Checking out my new lens and I got to say I wish I had a more zoom . Maybe next year . Got out of my vehicle to find a eagle flying right over me so I hurried to get the camera out . 
















Also found some eagle food hopping around all over the place .
















and some deer 
















and the sunset to top things off 
















and the moon


----------



## .45 (Sep 21, 2007)

Nice shots Hellsangler69 !!

Especially on them _jacks....._I didn't think Utah had them anymore... :shock:


----------



## LOAH (Sep 29, 2007)

Really nice. Especially Timp and the moonrise.


----------



## Loke (Sep 7, 2007)

You will never have enough zoom. I do like those sunset pics. It looks like they were taken in my old stomping grounds.


----------



## Nueces (Jul 22, 2008)

Nice looking photos.

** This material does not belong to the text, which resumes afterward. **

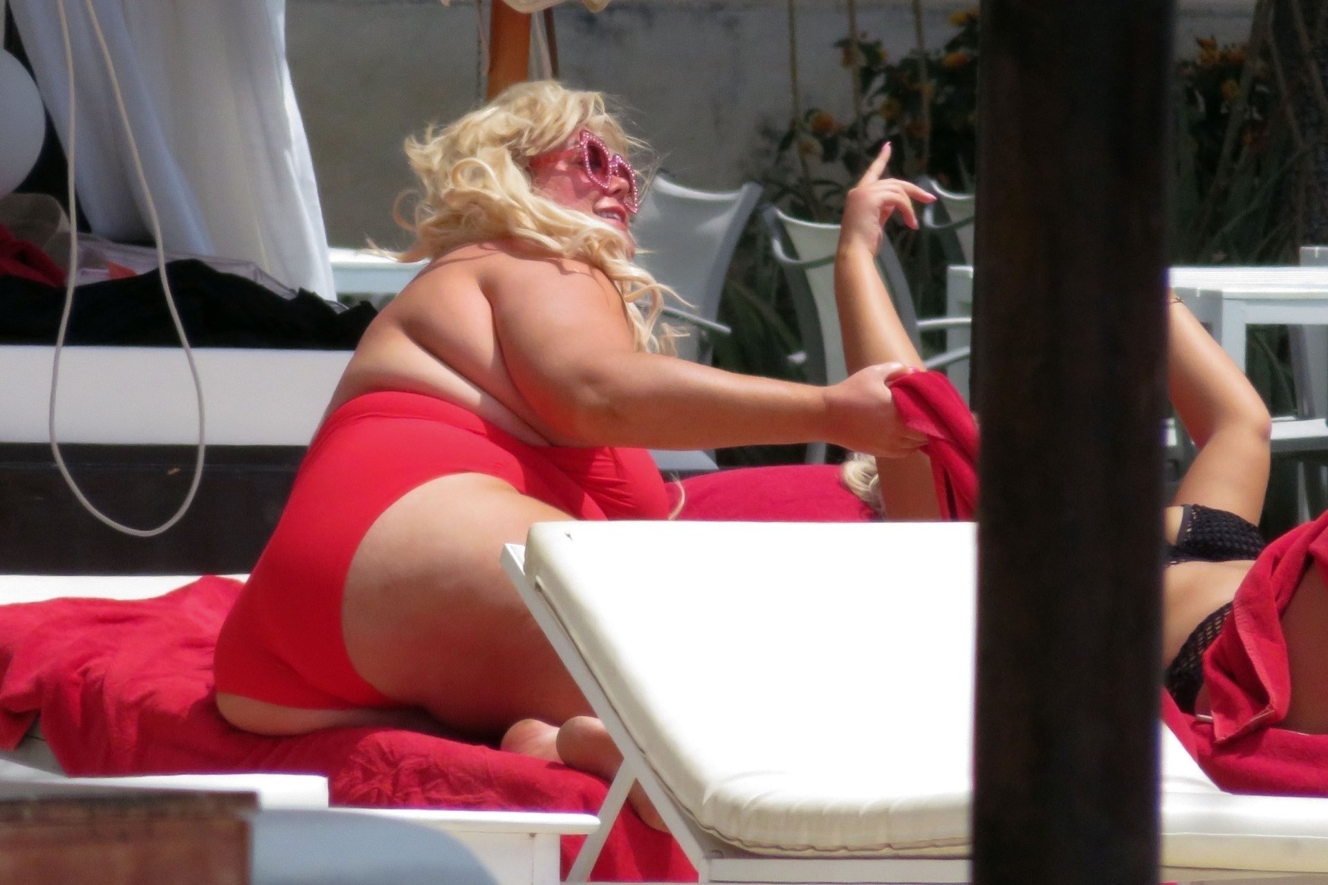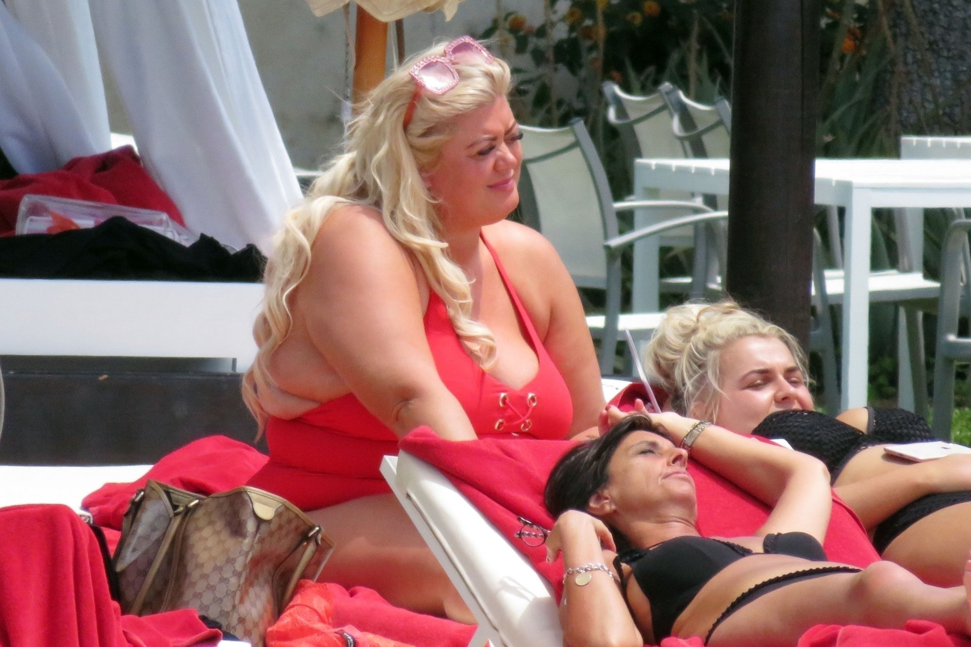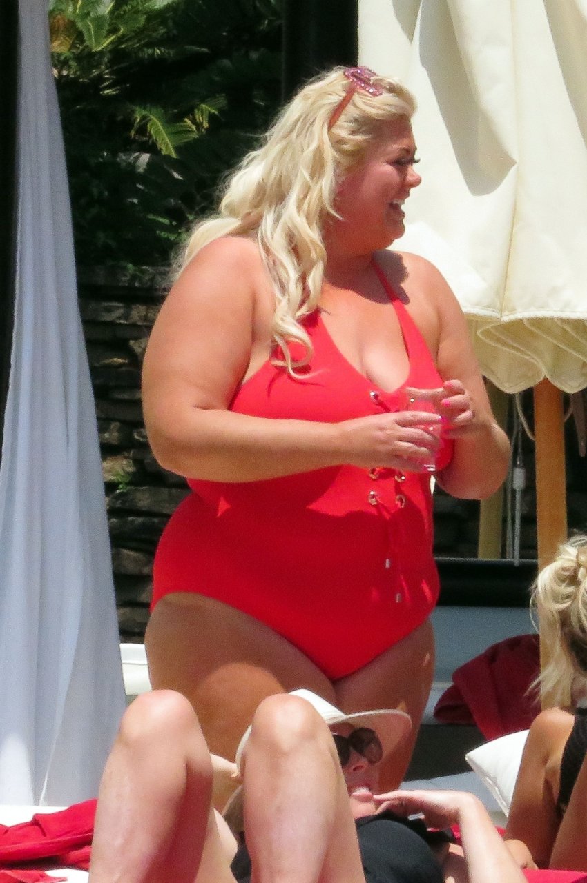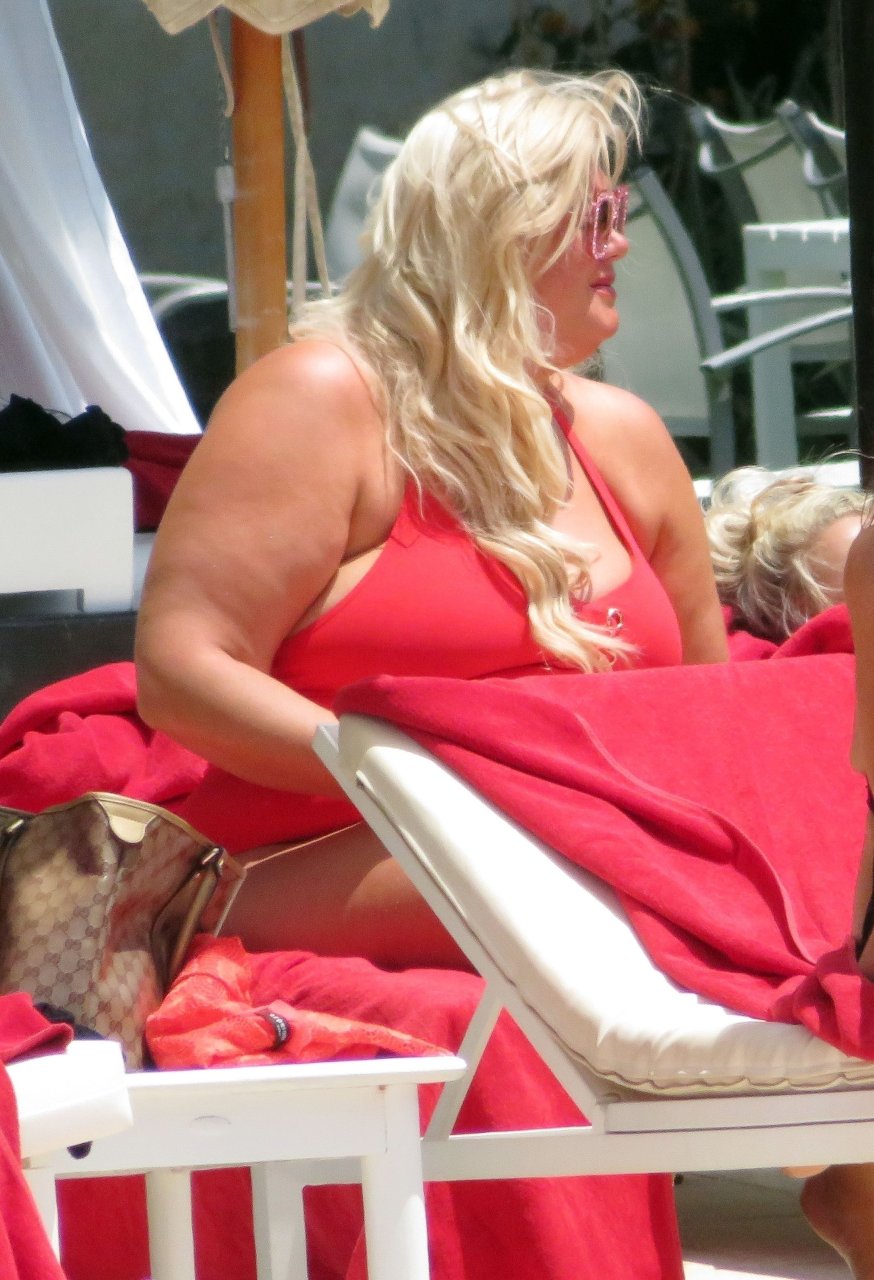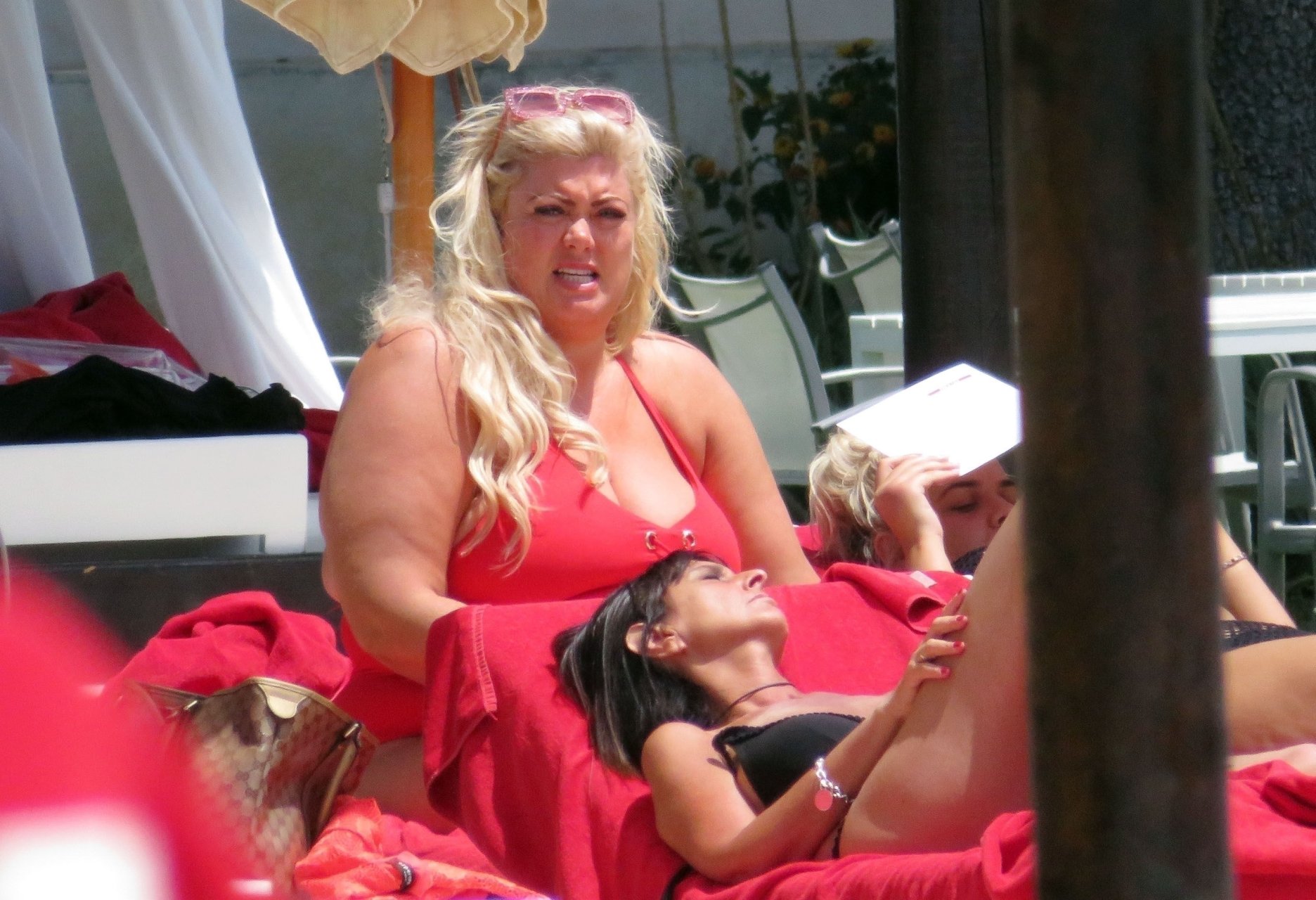 Star di TOWIE Gemma Collins (37) ritratta mentre si rilassa a bordo piscina durante una vacanza in Spagna, 27/05/2018. L’ex star di CBB è stata vista rilassarsi con gli amici a bordo piscina con un costume da bagno rosa acceso e occhiali da sole mentre gustava bevande e ha persino fatto un selfie con alcuni fan prima di godersi un rilassante massaggio al corpo presso l’hotel alla moda di Marbella.

The moon is in an orbit that is supposed to be the closest to the earth for a while this month.


----------



## dkhntrdstn (Sep 7, 2007)

Nice pic there.


----------



## Hellsangler69 (Sep 26, 2007)

My ride to Strawberry today and pickup a few more pics .


----------



## Al Hansen (Sep 7, 2007)

Jacks _(O)_ :shock: SO THAT'S WHAT THE DARN THINGS LOOK LIKE _(O)_ :shock:


----------